Usage#
Jupyter Notebooks and IPython#
Load the cudf.pandas
extension at the beginning of your
notebook. After that, just import pandas
and operations will use the
GPU:
%load_ext cudf.pandas
import pandas as pd
URL = "https://github.com/plotly/datasets/raw/master/tips.csv"

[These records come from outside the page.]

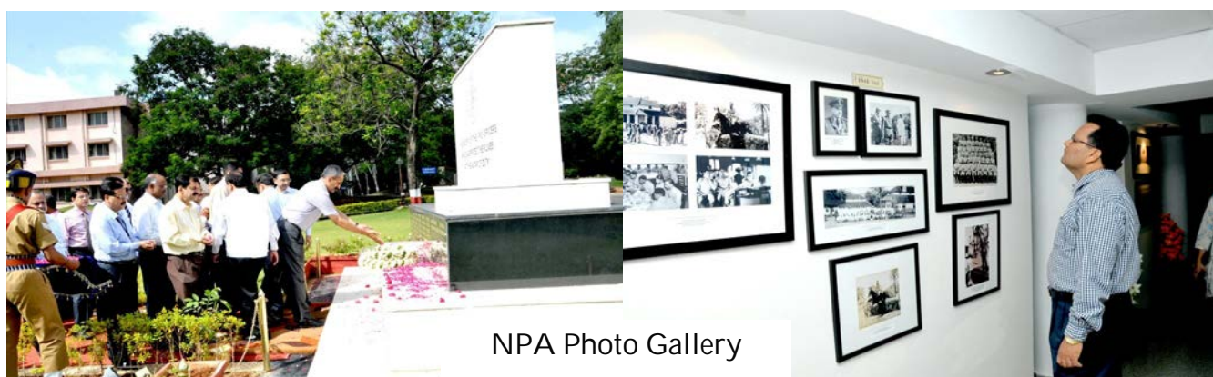
NPA Photo Gallery

49 IPS Officers of 1988 Batch Participated in the seminar which was inaugurated by Shri Subhas Goswami, Director, SVP NPA. Theme of the seminar was "Cyber Crime-Are we ready?". The Challenges faced by the law-enforcement agencies due to the increase in cyber crimes was discussed in detail during the seminar. It was concluded by the batch that police must take lead in issues connected with cyber crime in coordination with various agencies as it is the only agency which can investigate and prosecute cyber criminal under IT Act.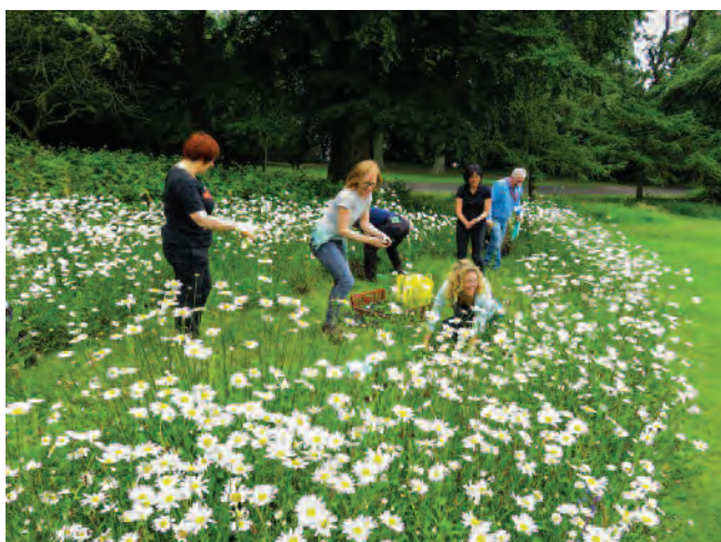
(left) Fife corn marigolds. (right) People enjoying the flowers in Fife.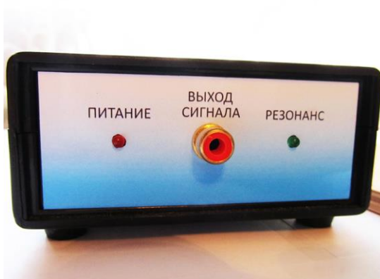
Picture 1. the sine autogenerator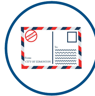
PUBLIC HEARING NOTICE Aug. 25 & Sept. 2, 2023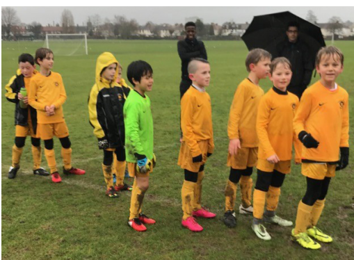
Merton U9s: We are not wet or cold!!!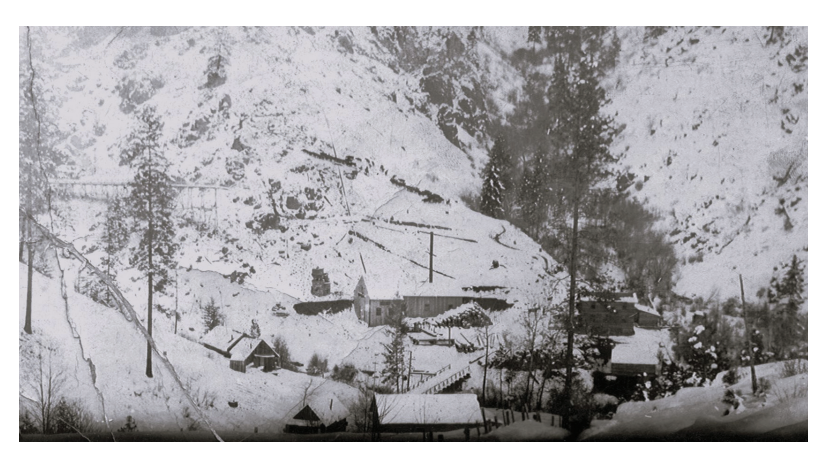
Deer Creek Camp in winter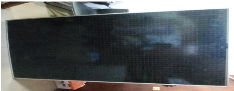
Fig. 3.1: 450W Solar Panel

The system design will determine whether the panels are connected in parallel or series. Series wiring raises the system's voltage, whereas parallel wiring raises the amperage. The particular requirements of the system can also affect the panels' size, voltage, and amperage. All things considered, solar energy is a dependable and sustainable resource that may be applied in a number of contexts.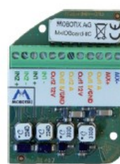
MxIOBoard-IC for signal input/output (accessories)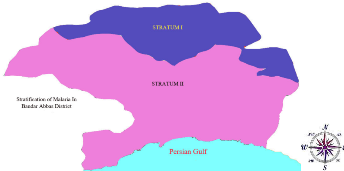
Fig. 3. Malaria stratification in Bandar Abbas, Hormozgan Province , Iran 2004–2008, Bandar Abbas County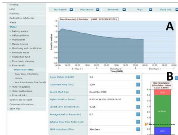
Figure 2. An example of how online river level data is currently presented. A- river level data, B- current river state in relation to long term annual statistics.

Through interviews we have discovered that the starting point for portrayal of water level data was a sense that the results from major financial investment in data collection needed to be visible to the public to ensure continued public funding. There is a strong desire at senior and operational levels in SEPA that greater access to the river level data is provided to water users, but there are internal issues of how and what is presented. Despite the wide use of the river level data web pages, operational staff struggle to secure time and resources to enable further development of these pages. There is not a proactive organisational attitude to data sharing.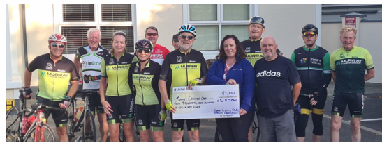
Tuam Cycling Club, Annual Charity Cycle

Thank you to everyone that has supported us over the last couple of years, these are some events that have taken place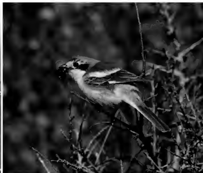
Above at St. David's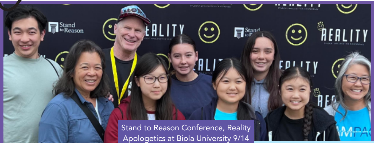
Stand to Reason Conference, Reality Apologetics at Biola University 9/14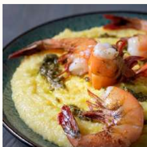
MEATBALLS/ SHRIMP OVER CHEESY POLENTA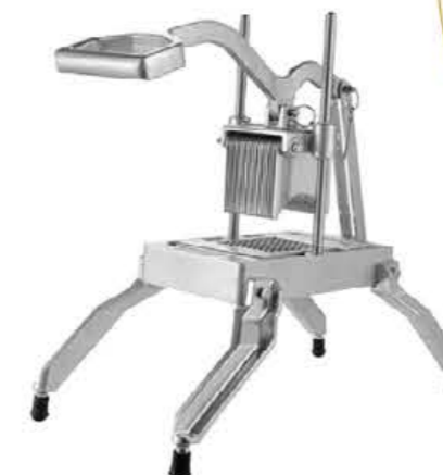
Model: JG-13 Easy Onion Slicer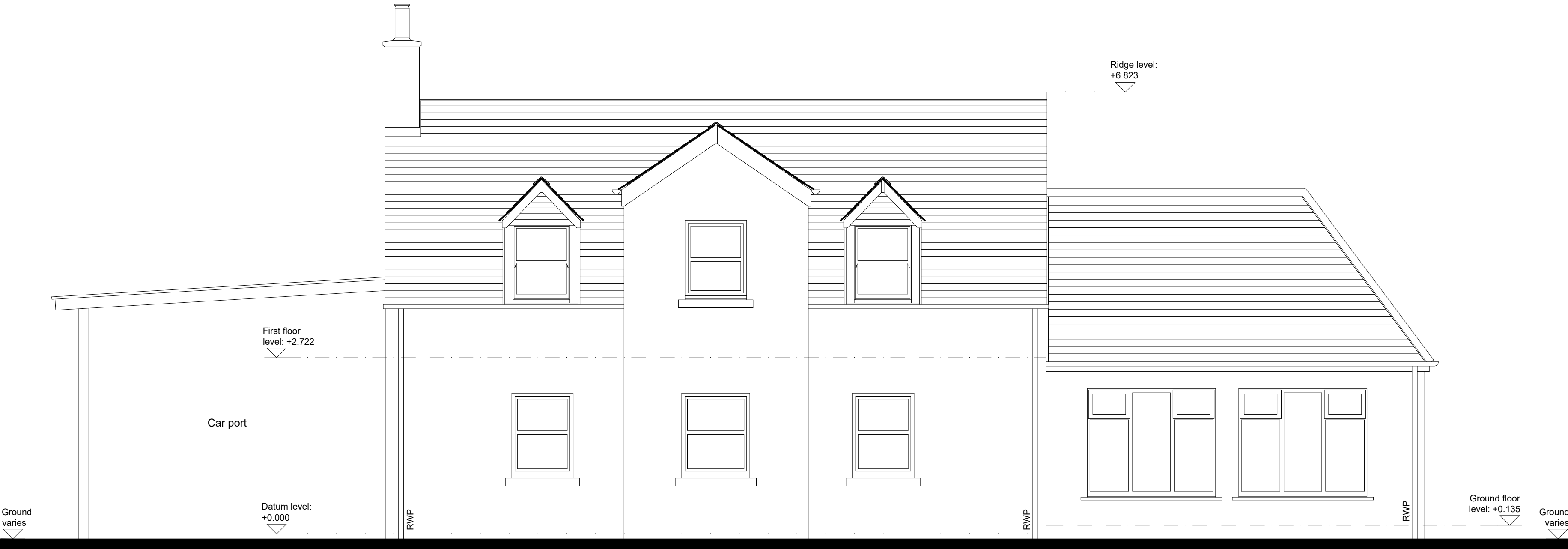
Existing South West @ 1:50 scale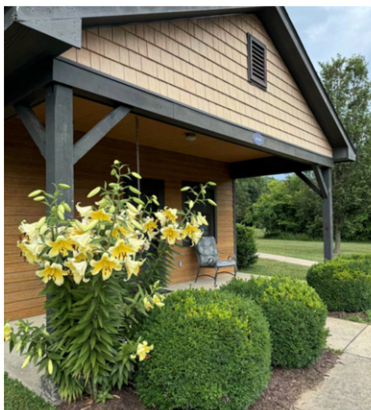
Spring Campaign begins 5.5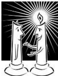
Jesus Is the Light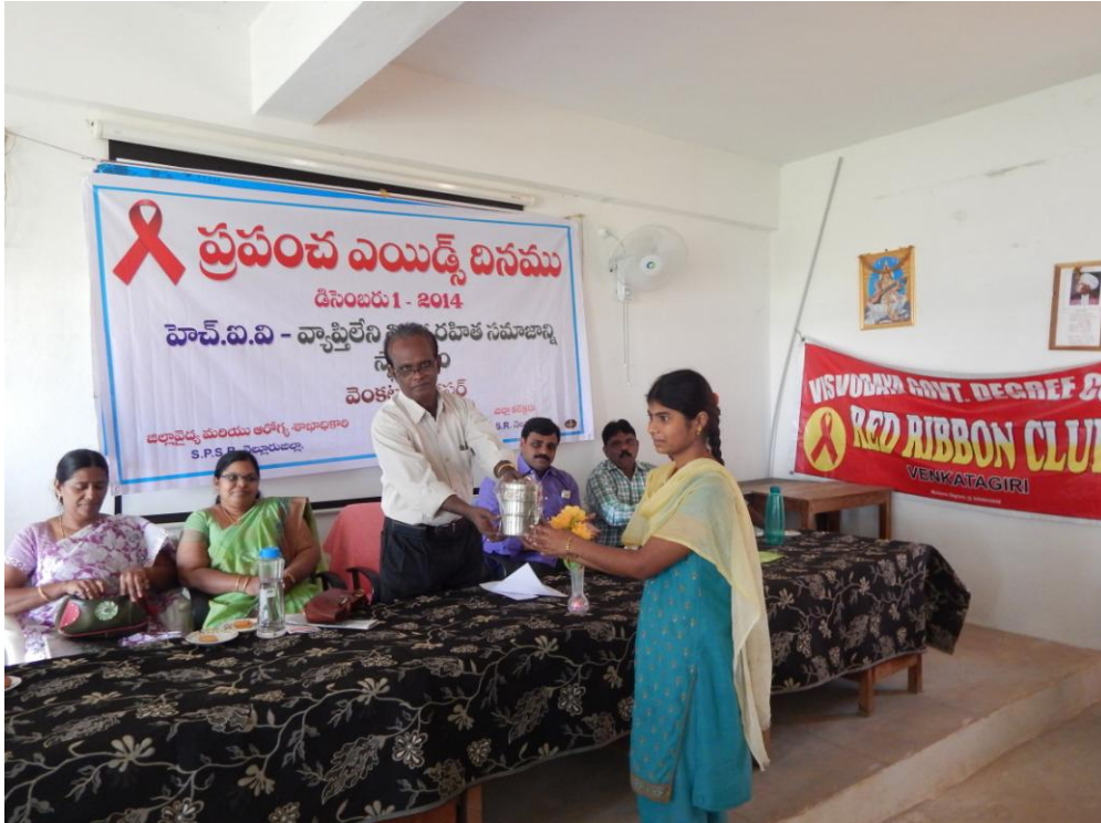
Prize distribution to the winner of Elocution competition on the occasion of AIDS Day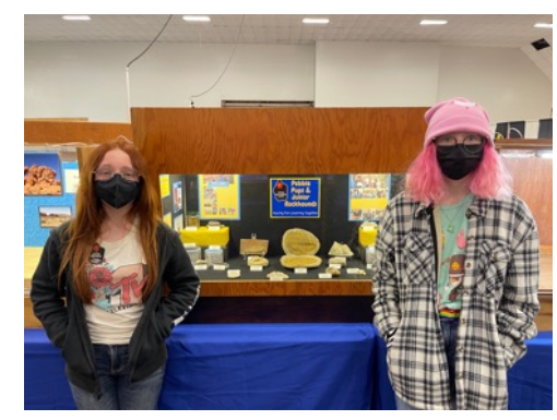
Putting together our Youth Society case helped me earn my FRA Leadership Badge.

it up as a team. Soon all the specimens were in place and it was done.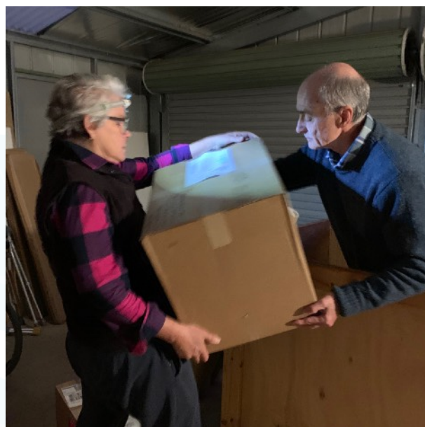
Packing the crate. Bannockburn, Australia.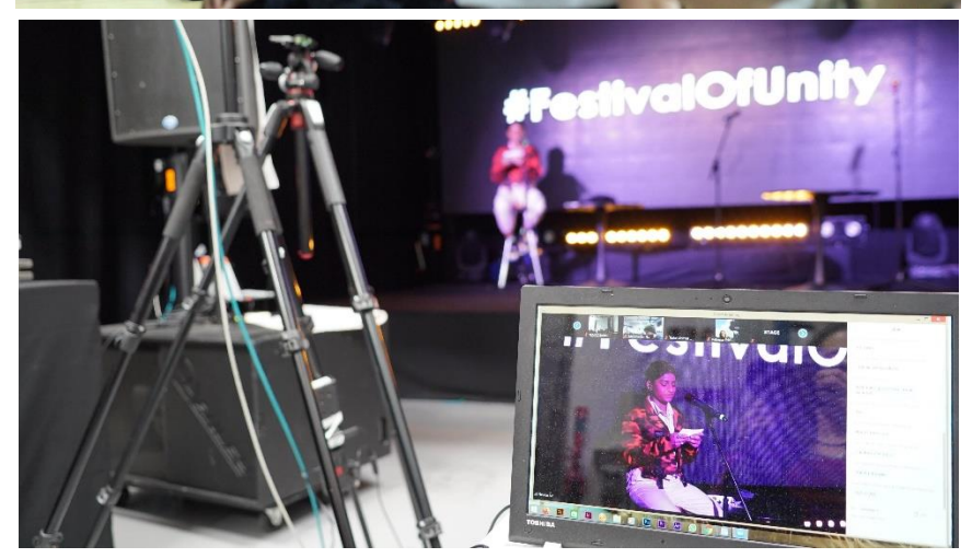
Stills from Odd Arts' 'Festival of Unity'

df = pd.read_csv(URL) # uses the GPU
df["size"].value_counts() # uses the GPU
df.groupby("size").total_bill.mean() # uses the GPU
df.apply(list, axis=1) # uses the CPU (fallback)
Command-line usage#
From the command line, run your Python scripts with -m cudf.pandas
:
python -m cudf.pandas script.py
Understanding performance - the cudf.pandas
profiler#
cudf.pandas
will attempt to use the GPU whenever possible and fall
back to CPU for certain operations. Running your code with the
cudf.pandas.profile
magic generates a report showing which
operations used the GPU and which used the CPU. This can help you
identify parts of your code that could be rewritten to be more
GPU-friendly:
%load_ext cudf.pandas
import pandas as pd
%%cudf.pandas.profile
df = pd.DataFrame({'a': [0, 1, 2], 'b': [3,4,3]})
df.min(axis=1)
out = df.groupby('a').filter(
lambda group: len(group) > 1
)
When an operation falls back to using the CPU, it’s typically because that operation isn’t implemented by cuDF. The profiler generates a handy link to report the missing functionality to the cuDF team.
To profile a script being run from the command-line, pass the
--profile
argument:
python -m cudf.pandas --profile script.py